Life isn’t about finding yourself. Life is about creating yourself.
~ George Bernard Shaw
It may be that much of the time you are unconsciously going about your daily life experiences and not able to benefit from the choices of expressing yourself with artistry—consciously choosing a path, creatively shaping and reshaping your understandings, and constantly expanding your artistic awareness.
As I reflected on the Vieux Carré production, I realized that—much like the work of an artist—our outer world is a reflection of our inner world. The play, set in a dilapidated building in the New Orleans French Quarter, speaks of seeing, hearing, feeling, and learning.

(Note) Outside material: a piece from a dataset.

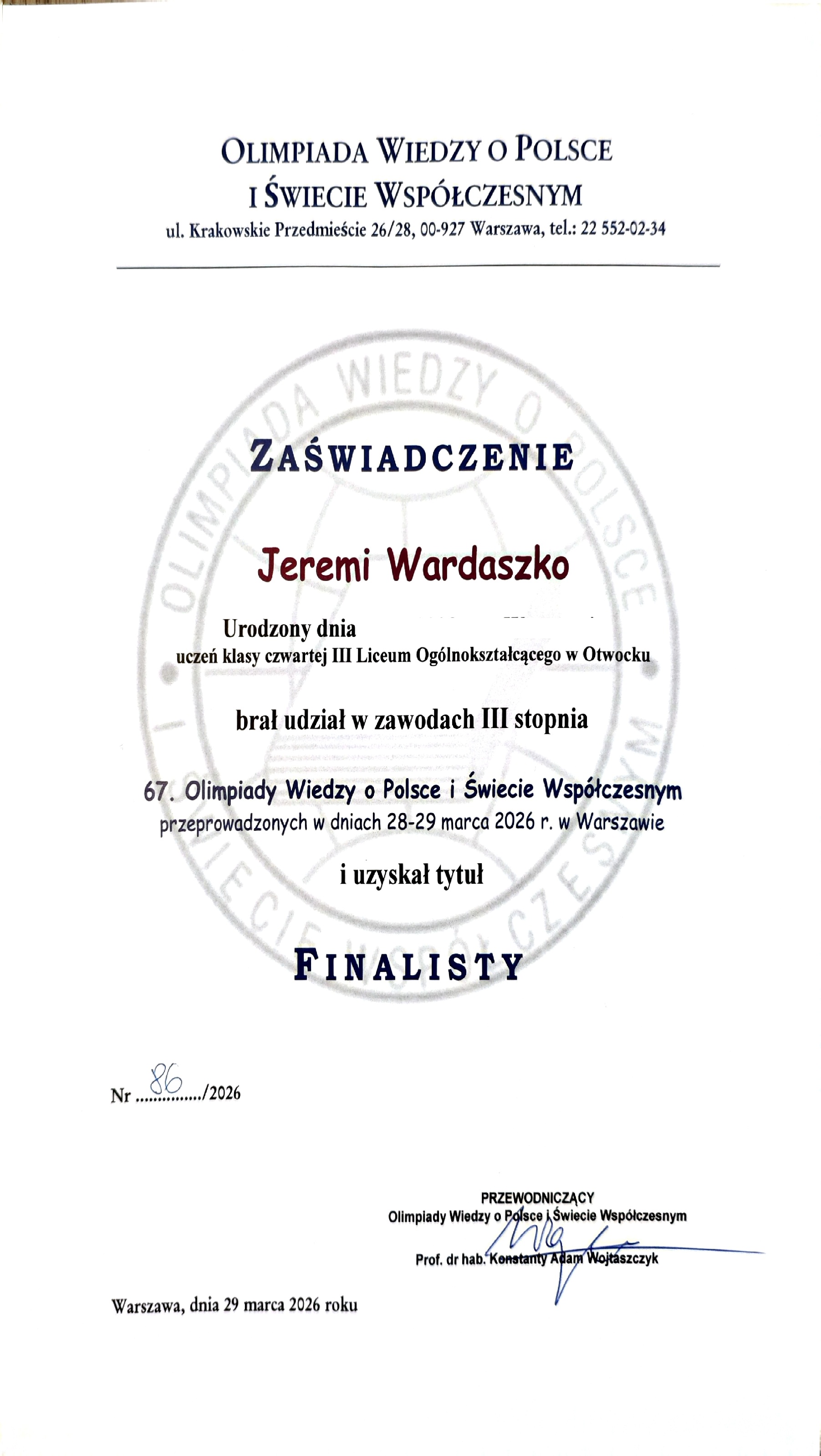 Z ogromną dumą informujemy, że uczeń klasy IVc2 naszego liceum, Jeremi Wardaszko, zdobył w tegorocznej edycji tytuł FINALISTY. Osiągnięcie to zwalnia go z obowiązku przystąpienia do egzaminu maturalnego z wiedzy o społeczeństwie, a jednocześnie gwarantuje uzyskanie maksymalnego wyniku – 100% z tego przedmiotu.
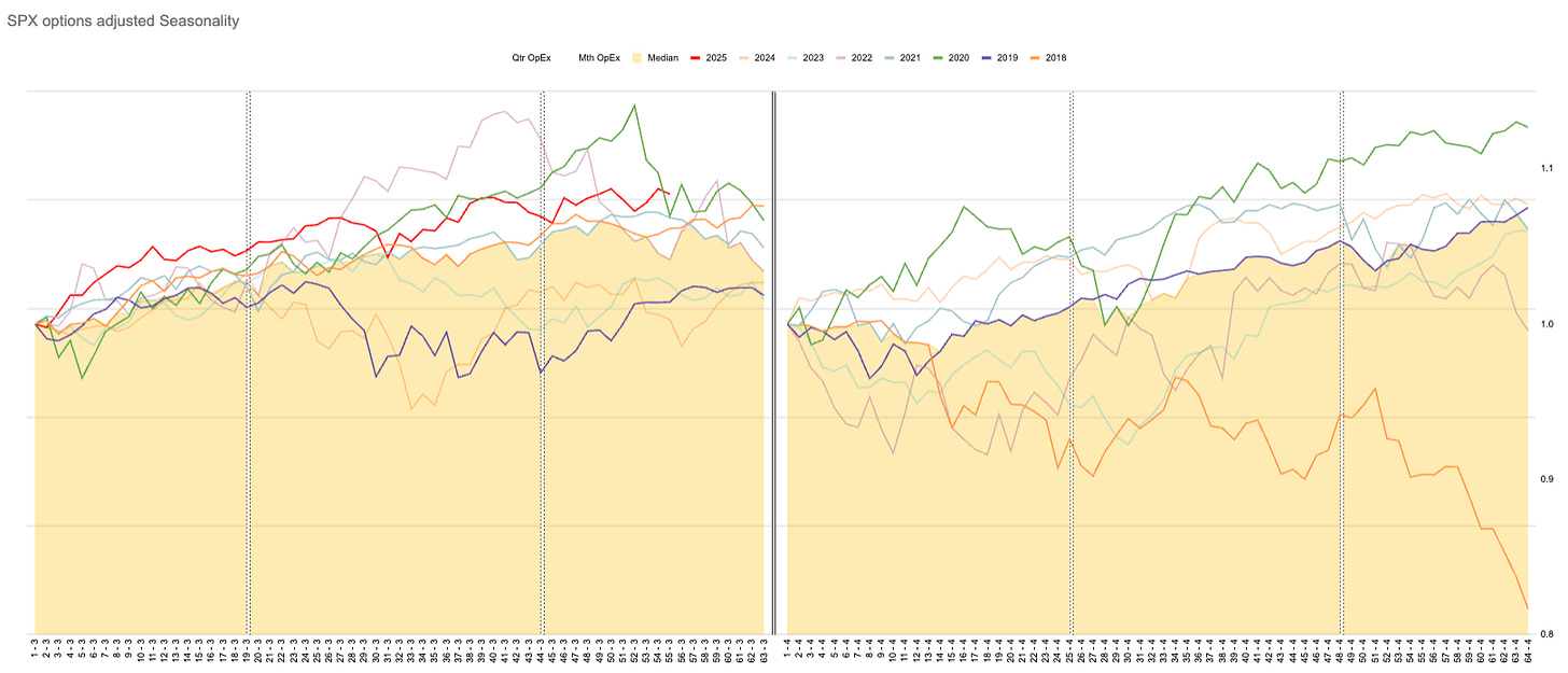 If we look at options adjusted seasonality August to October passing through the large September OpEx often sees some weakness. Remember it doesn’t have to be a -20% bloodbath it could just mean nothingness. Within that index nothingness the internals would be free to move around the cabin.

Every single character, and those around them, experienced a reflection of their inner world in each moment. Just like the artist, we do have choices; we can decide what we do and how we make sense of the things around us; and we do get to choose to take action.
It is how we choose what we do, and how we approach it, that will determine whether the sum of our days adds up to a formless blur, or to something resembling a work of art.
~ Mihaly Csikszentmihalyi (Finding Flow: The Psychology of Engagement with Everyday Life)
We really do have the ability to create ourselves.
— Pat
2 replies on “Creating Yourself”
I think, too, that when we view our lives from this perspective, we can take more of the attitude of experimentation: What if I do this? What will happen? Oh, that was interesting. I liked x about it but not y. What if I do this instead? It can be more fun and less pressure to make the “right” decision or choice in a moment. And the results can be so much more interesting as well as fulfilling.
It is truly fun when you know you have a choice and that things don’t just “happen to you.”